For the first time, scientists have generated endometrial cells from induced pluripotent stem cells, according to a recent Northwestern Medicine study published in Stem Cell Reports.
This new technique will allow scientists to explore new treatments for a variety of uterine conditions, according to Serdar Bulun, MD, chair and John J. Sciarra Professor of Obstetrics and Gynecology and senior author of the study.
The use of induced pluripotent stem cells (iPSC) has become widespread over the past several years; as an alternative to highly-regulated embryonic stem cells, iPSC are a cellular blank slate that scientists can prod and nudge into becoming nearly any type of cell in the body. Using specific hormones and growth factors, scientists can encourage these cells to transform — or differentiate — into motor neurons, lung cells, vascular cells and more.
Up until now, however, scientists have yet to develop a reliable technique to create endometrial cells, which line the uterus and are important for fertility and the menstrual cycle.
“We used what was available in the literature to make iPSC into intermediate mesodermal cells,” said Bulun, who is also a member of the Robert H. Lurie Comprehensive Cancer Center of Northwestern University. “From that point forward, instead of moving them in the direction of kidney cells, we wanted to move them in the direction of uterine cells.”To achieve this goal, Bulun and his collaborators didn’t start from scratch; other scientists had previously created kidney cells from iPSC, and kidney and endometrial cells share a common ancestor: intermediate mesoderm cells.
One key distinction of endometrial cells is their response to progesterone, a hormone that plays key roles in the menstrual cycle and embryo implantation. Previous studies had revealed a pathway called WNT/CTNNB1 was important for uterine development, so the Northwestern scientists activated the pathway in the stem cells.
By activating WNT, and applying other growth factors, the scientists guided these cells from an undifferentiated stem cell to an intermediate mesoderm and eventually to an endometrial cell.
Endometrial stromal cells expressing HOXA11 (left) and progesterone receptors (right).
“We were looking for progesterone receptors,” Bulun said. “When we saw lots of those little receptors, we knew we had done it.”

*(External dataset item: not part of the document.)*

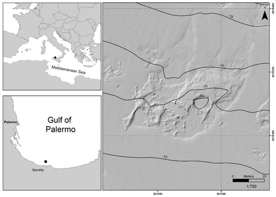 The study area is located along the northwestern coast of Sicily (Figure 1), in a coastal area close to the urban center of the city of Palermo, which was exposed since the mid-20th century to multiple sources of pollution due to chaotic urban planning, improper waste disposal and untreated urban and industrial wastewater. Therefore, the Gulf of Palermo was affected in the past decades by severe trophic alteration of the coastal waters, and high concentrations of P-PO4 (3–45 mmol L−1) and chlorophyll a (2–35 mmol L−1) were recorded during the summer season []. Consequently, significant modification of the structure and composition of the seabed (from mostly rocky to sandy and muddy) and the extensive P. oceanica meadow that grew in this area regressed and residual patches were detected at 7 to 21 m depth [].

These cells could help scientists devise treatments for a variety of uterine diseases, many of which, including endometriosis and endometrial cancer, are thought to be at least partially caused by disordered interactions with progesterone.
In endometriosis, the cells are not responding because they have decreased levels of progesterone receptors, according to Bulun.
“This technique may be a way to reprogram a patient’s cells so that they respond to progesterone properly,” Bulun said. “These new cells and their derivatives could possibly be used to regenerate the entire uterus.”
Endometrial cancer could conceivably be treated in a similar way, Bulun said.
“All of these things can be explored, now that we have this technology,” he said.
Bulun’s next steps are to explore just how close these iSPC-derived endometrial cells are to the real thing, and to work with clinicians and surgeons to develop delivery methods for the cells. Bulun said he is particularly looking forward to seeing other labs use this technique to create endometrial cells of their own.
“It’s very rewarding, when other people reproduce your work,” Bulun said. “It’s exactly why we did this.”
Other Northwestern authors include Bulun laboratory members John Coon V, laboratory manager, and Kaoru Miyazaki, MD, PhD, postdoctoral fellow and first author of the study. Yuichi Furukawa and Bahar Yilmaz were also co-authors.
The study was supported by funding from National Institutes of Health grants R37-HD36891, the Uehara Memorial Foundation and the Kanazawa Medical Research Foundation.